Requirement baseline: 500M URLs total. 100:1 read:write ratio. IDs ≤ 8 characters. URL-safe. Zero collisions acceptable.
Step 1 — Namespace sizing. At 6-char Base62: 62^6 = 56.8 billion possible IDs. With 500M records, namespace saturation is only 0.9% — comfortable. But the birthday paradox matters: P(collision) ≈ n² / (2 × namespace). At 500M records with 6-char Base62, this is roughly 0.22% — unacceptably high for a production system. The correct choice is 7-char Base62 (3.5 trillion IDs), dropping collision probability to under 0.0036% at 500M records.
Step 2 — Counter vs hash. A counter produces predictable IDs, which is fine for URLs (they are meant to be public). A hash produces random IDs, making the system harder to enumerate but requiring a collision check on every write. For a URL shortener without sensitive ID requirements, a counter with Bloom filter is simpler and safer.
Step 3 — Multi-master counter coordination. A single database counter is a single point of failure. The Flickr Ticket Server pattern solves this: each app server pre-allocates a range of counter values (app-server-1 holds 1–100,000 in memory). When it exhausts its range, it requests a new block atomically. This eliminates per-request DB coordination while maintaining global uniqueness.
Step 4 — Base choice. URL shortener IDs are machine-copied — users click links, they do not type them.

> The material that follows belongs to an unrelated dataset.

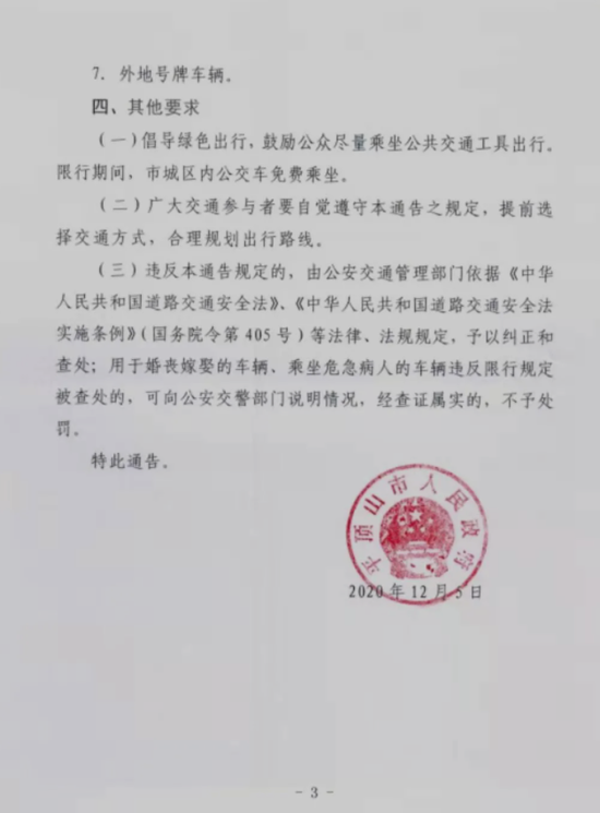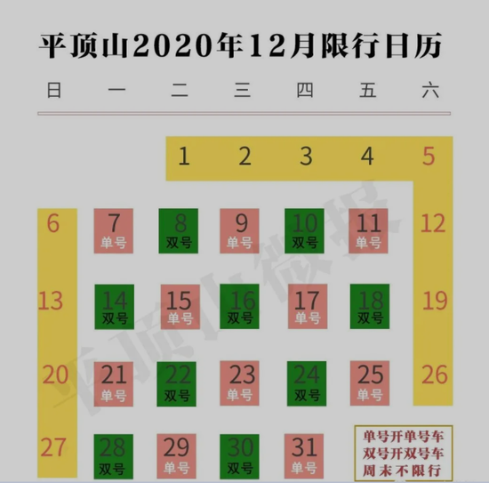 根據通告,限行時間為 2020年12月7日至2020年12月31日(不含法定節(jié)假日、雙休日),每日7時至21 時實施限行 。

Base62 is correct over Base58: 62^7 = 3.5 trillion vs 58^7 = 2.2 trillion. More IDs per character. Case-sensitivity is acceptable because HTTP clients preserve URL case.
Step 5 — Read path caching. At 100:1 read:write ratio, read performance dominates. Short-ID-to-URL mappings live in a Redis cluster. 500M URLs × 200 bytes per entry ≈ 100GB — fits in a Redis cluster with hot IDs served from L1 memory. Cache miss triggers a DB lookup and a cache warm.
| Decision | Option A | Option B | Chosen |
| ID length | 6 chars (56.8B namespace) | 7 chars (3.5T namespace) | 7 chars |
| Generation | Hash-based (random) | Counter + ticket server | Counter + ticket server |
| Base | Base58 (human-safe) | Base62 (denser namespace) | Base62 |
| Collision check | DB only (slower) | Bloom filter + DB | Bloom filter + DB |
⚖️ Random vs Time-Ordered: The Tradeoff That Breaks B-Tree Indexes in Production
The most common production ID mistake is using UUID v4 as a primary key and discovering the performance cliff at 50–100M rows — by which point a schema migration is painful.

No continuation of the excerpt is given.